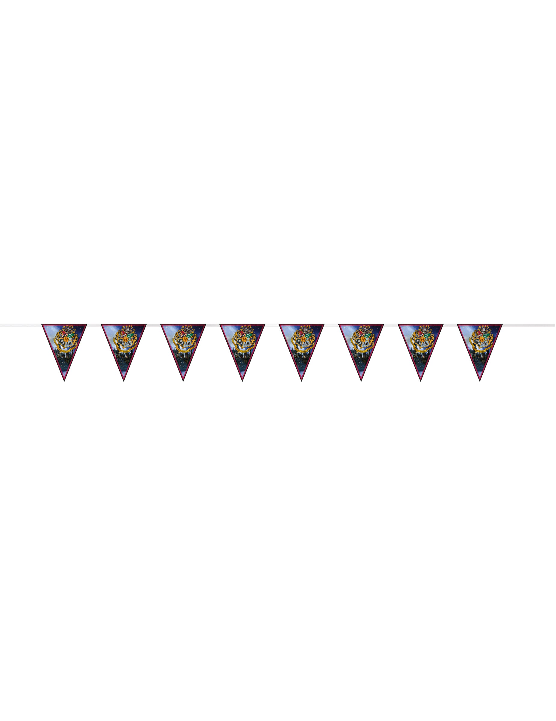 Acest kit oficial de licență Harry Potter conține 7 articole decorative. Veți găsi 1 ghirlandă pennant, 4 suspensii în spirală și 2 centre de masă. Garlandul este format din pennante triunghiulare din plastic. Are o lungime de aproximativ 2,43 metri. Este tipărit cu stema celebrei școli de magie pe un fundal reprezentând Școala Hogwarts. Cele 4 suspensii constau dintr -o spirală de plastic galbenă și un autocolant de carton imprimat al stratului Hogwarts. În cele din urmă, cele două centre de masă constau dintr -o bază de hârtie albastră drăguță și un autocolant de carton cu imaginea caselor Gryffindor și Slytherin. În fundal, veți găsi Castelul Hogwarts. Au aproximativ 15,2 cm înălțime. Acest lot va fi esențial pentru a crea o decorare a camerei Harry Potter pentru ziua de naștere a copilului tău! Petrecere unică de branding
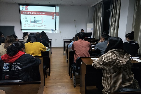 葛军伟学长本科和研究生所学专业均是社会工作。先是分享自己专业学习的心路历程,对社工从疑惑到期待到焦虑再到憧憬的过程。接着是社会工作从业经历分享,列举了几个自己参与的项目和同学们分享了项目管理、项目设计等实务性知识,还通过一些社工在实物过程中遇到的伦理困境案例和大家做经验交流,提出社工的专业性就是和服务对象建立专业关系,在建立专业关系的时候要注意专业关系的长度,把握专业关系的弹性和刚性。再次,葛军伟学长和大家探讨了社会工作者职业耗竭及自己的反思,通过他的调查分析,工作环境、机构归属感和同事朋友支持是社会工作者职业耗竭的显著影响因素。最后他认为社会工作者的职业发展前景是好的,现阶段国家层面是越来越重视社会工作的发展。最后以几个社会工作创新服务模式的案例,提出了自己对社会工作者的理解,即社会工作者,是阳关成长下的一份职业。
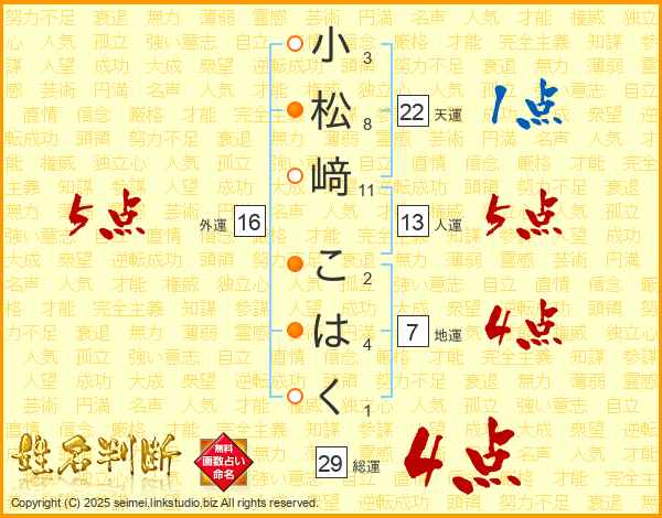 生活面を象徴する運勢です。外部から受ける影響力を表し、結婚運、家庭運や職場、環境への順応性を表します。総運から人運を引いた画数。姓や名が1文字の場合を除く。
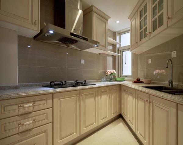 按照工作三角的厨房动线,洗涤区在V形的一边,操作区和烹饪区依次在V形的另一边,防止溅洒和拥挤。垂直空间上,采用高柜、吊柜相结合的方式,满足了屋主的收纳需求,便于收纳咖啡机、面包机等小厨电。
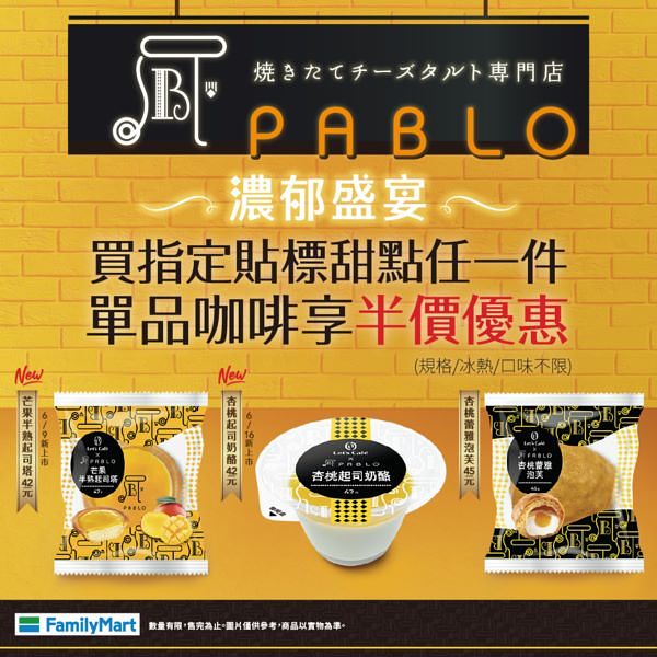 炎夏悶熱、疫情讓生活充滿壓力,簡單卻充滿幸福滋味的甜點配杯咖啡,無疑是此刻撫慰人心的最佳療癒聖品!PABLO前一陣子與全家便利商店跨域聯名,合作推出多款獨家商品深受市場好評,社群平台討論熱度更是居高不下,刮起手刀搶購炫風! PABLO趁勝追擊此波熱潮,與全家便利商店再次攜手聯名兩款產品:6/9推出「PABLO芒果半熟起司塔」及6/16推出「PABLO杏桃起司奶酪」,同時結合全家便利商店「濃郁盛宴」活動,即日起~6/29買指定貼標甜點任一件,單品咖啡可享半價優惠;在此時生活區域有所限制的影響下,也能在全省三千八百多間全家便利商店,享受來自PABLO的解悶甜品。
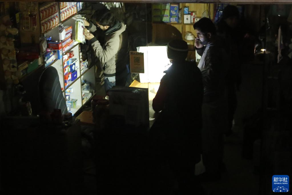 1月23日,在巴基斯坦伊斯兰堡,一间商店在大规模停电期间营业。
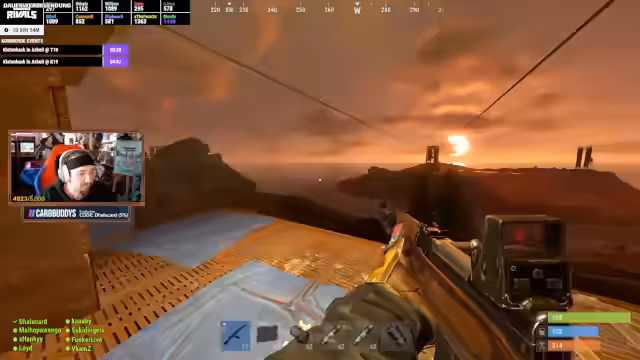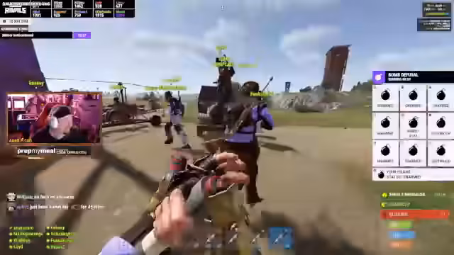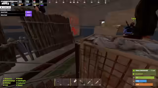06:04:57Der Angriff auf die Raidable Base beginnt chaotisch. Der Helikopter fliegt zu spät, und die Teammitglieder sind nicht allezeitig bereit. Beim Landen auf der Pyramide wird das Team von gegnerischen Spielern und Minis überrascht und mehrere Mitglieder werden ausgeschaltet. Es kommt zu einem hektischen Kampf, bei dem Wissenschafter getötet und der Loot gesichert werden muss, während das Team unter starkem Beschuss steht.
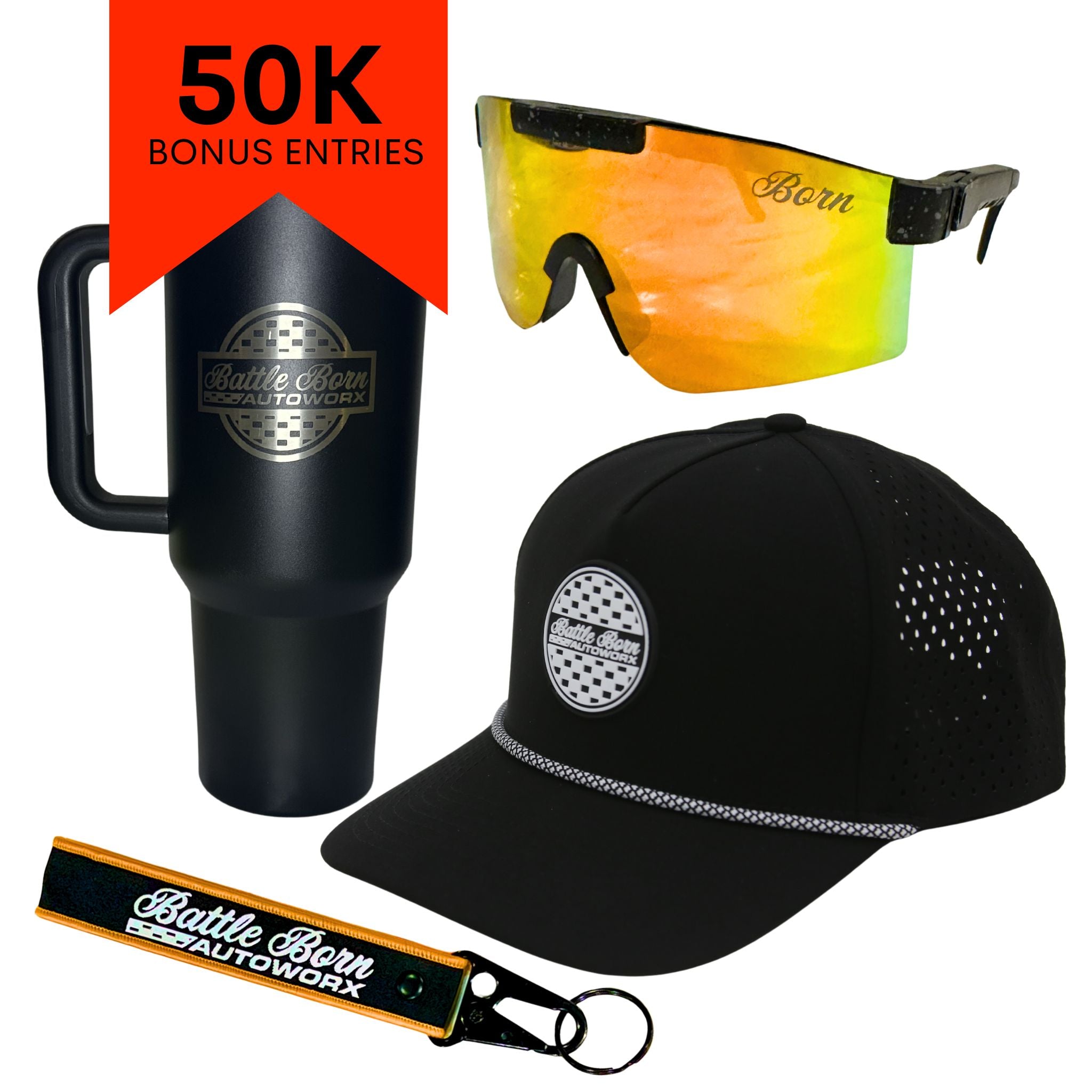 Every RALLY ESSENTIALS PACK comes with A MEGA 50,000 Bonus Entries toward winning our 1965 Wide Body Mustang — because your daily gear should come with life-changing upside.
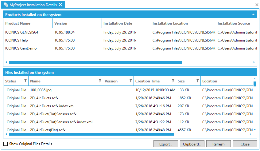 The Files installed on the system section shows information related to files associated with the installed ICONICS products. This information includes Status, Name, Version, Creation Time, Size and Location. These fields cannot be edited.
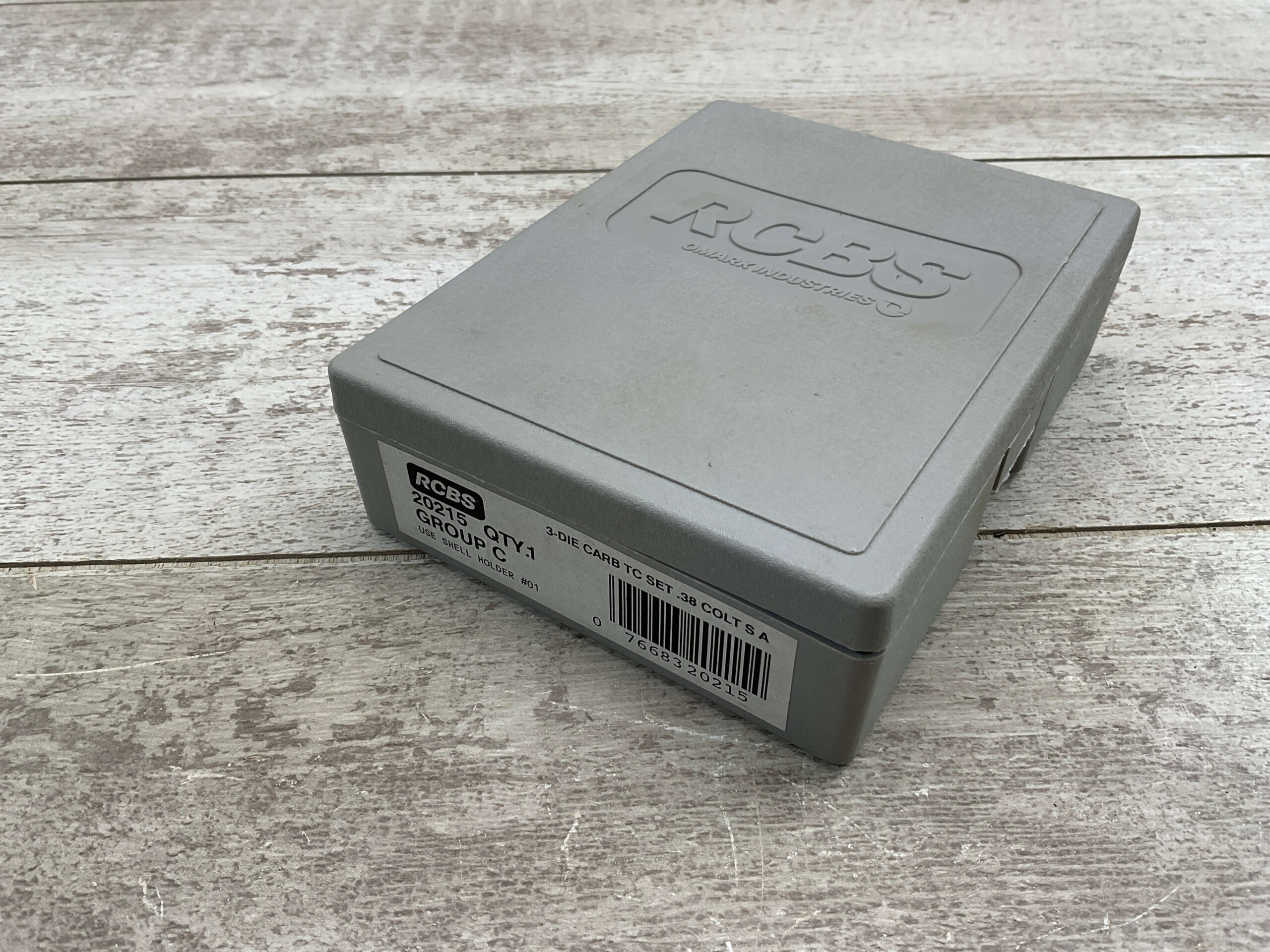 RELOADING CARBINE DIE SET FOR 38 COLT AMMUNITION INCLUDES 3 DIES, LEE UNIVERSAL SHELL HOLDER R6, MFR BY RCBS OMARK INDUSTRIES, BOX IS LABELED GROUP C, PART NUMBER 20215, SET IS IN VERY GOOD CONDITION WITH ORIGINAL BOX, AND INSTRUCTIONS.
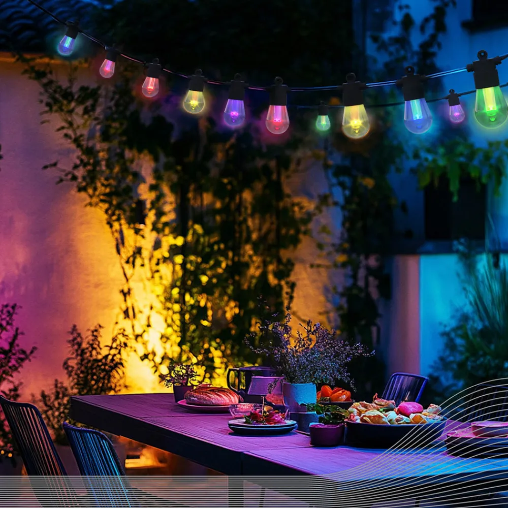 Vibey LED-lyskæde med CCT og RGBIC-farvestyring, 10 lyskilder, 10 meter Oplev, hvordan Vibey LED-lyskæden forvandler udendørsarealer til en oase af velvære. LED-teknologien sikrer en effektiv og langtidsholdbar belysning, der fremhæver enhver lejlighed. Farvetemperaturen (CCT) og det dynamiske farvede lys (RGBIC) kan indstilles ved hjælp af den medfølgende fjernbetjening. Takket være et 5 meter langt tilslutningskabel med stik forbliver Vibey dynamisk, ikke kun når det gælder belysning. Tekniske egenskaber – med fjernbetjening (inkl. batteri) – justerbar farvetemperatur (CCT) fra varmhvidt lys (2.700 K) til dagslys-hvidt lys (6.500 K) – klar til brug med det samme takket være 5 meter langt tilslutningskabel og integreret driver
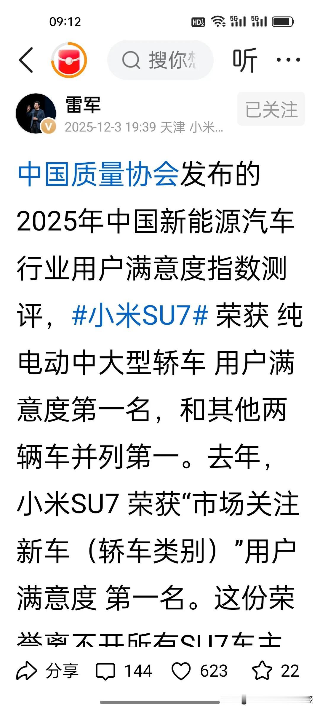 一觉醒来,小米拿了个“用户满意度第一”的荣誉,还是中国质量协会颁发的。雷军掩饰不住激动的心情发文。 雷军用这个奖来回击大众质疑,既显品牌底气,印证了小米汽车的产品力;但“并列第一”的细节也说明目前头部电动汽车之间市场竞争仍非常激励。 雷军将荣誉归于车主,既拉近用户距离又强化用户粘性。不过小米汽车目前仅在阿联酋试水,这份国内口碑未来能否转化为全球竞争力,还得看后续出海的落地表现。
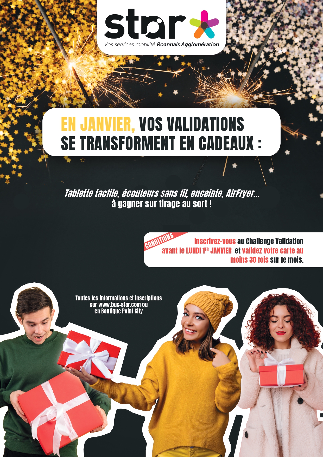 Pour participer aux tirages au sort, inscrivez-vous au Challenge Validation avant le 1er janvier et validez votre carte oùra (nominative) à bord de nos véhicules Star au moins 30 fois au cours du mois de janvier !
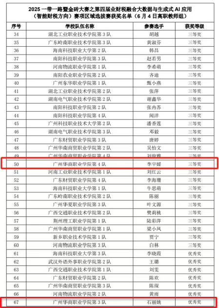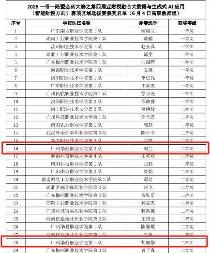 2025年6月4日,在第四届“一带一路暨金砖国家技能发展与技术创新大赛之业财税融合大数据与生成式AI应用(智能财税方向)高职组”区域赛中,数字财经学院胡顺华、石丽姚、刘兰、李宇媛四位教师组成的参赛团队凭借扎实的专业功底与创新能力,在激烈竞争中脱颖而出,斩获多项荣誉。其中,胡顺华、刘兰两位老师荣获区域赛二等奖,李宇媛老师获得三等奖,石丽姚老师荣获优秀奖,充分展现了我院在大数据财务与会计领域的师资实力与教学改革成果。

● ● ● ● ● ● ●

### YOUR GOAL
Look above and copy only the lines from the one holding "生活面を象徴する運勢です。外" to the one holding "RELOADING CARBINE DIE", both included, exactly, minus the pictures.

### WRITTEN RESPONSE
 生活面を象徴する運勢です。外部から受ける影響力を表し、結婚運、家庭運や職場、環境への順応性を表します。総運から人運を引いた画数。姓や名が1文字の場合を除く。
 按照工作三角的厨房动线,洗涤区在V形的一边,操作区和烹饪区依次在V形的另一边,防止溅洒和拥挤。垂直空间上,采用高柜、吊柜相结合的方式,满足了屋主的收纳需求,便于收纳咖啡机、面包机等小厨电。
 炎夏悶熱、疫情讓生活充滿壓力,簡單卻充滿幸福滋味的甜點配杯咖啡,無疑是此刻撫慰人心的最佳療癒聖品!PABLO前一陣子與全家便利商店跨域聯名,合作推出多款獨家商品深受市場好評,社群平台討論熱度更是居高不下,刮起手刀搶購炫風! PABLO趁勝追擊此波熱潮,與全家便利商店再次攜手聯名兩款產品:6/9推出「PABLO芒果半熟起司塔」及6/16推出「PABLO杏桃起司奶酪」,同時結合全家便利商店「濃郁盛宴」活動,即日起~6/29買指定貼標甜點任一件,單品咖啡可享半價優惠;在此時生活區域有所限制的影響下,也能在全省三千八百多間全家便利商店,享受來自PABLO的解悶甜品。
 1月23日,在巴基斯坦伊斯兰堡,一间商店在大规模停电期间营业。
06:04:57Der Angriff auf die Raidable Base beginnt chaotisch. Der Helikopter fliegt zu spät, und die Teammitglieder sind nicht allezeitig bereit. Beim Landen auf der Pyramide wird das Team von gegnerischen Spielern und Minis überrascht und mehrere Mitglieder werden ausgeschaltet. Es kommt zu einem hektischen Kampf, bei dem Wissenschafter getötet und der Loot gesichert werden muss, während das Team unter starkem Beschuss steht.
 Every RALLY ESSENTIALS PACK comes with A MEGA 50,000 Bonus Entries toward winning our 1965 Wide Body Mustang — because your daily gear should come with life-changing upside.
 The Files installed on the system section shows information related to files associated with the installed ICONICS products. This information includes Status, Name, Version, Creation Time, Size and Location. These fields cannot be edited.
 RELOADING CARBINE DIE SET FOR 38 COLT AMMUNITION INCLUDES 3 DIES, LEE UNIVERSAL SHELL HOLDER R6, MFR BY RCBS OMARK INDUSTRIES, BOX IS LABELED GROUP C, PART NUMBER 20215, SET IS IN VERY GOOD CONDITION WITH ORIGINAL BOX, AND INSTRUCTIONS.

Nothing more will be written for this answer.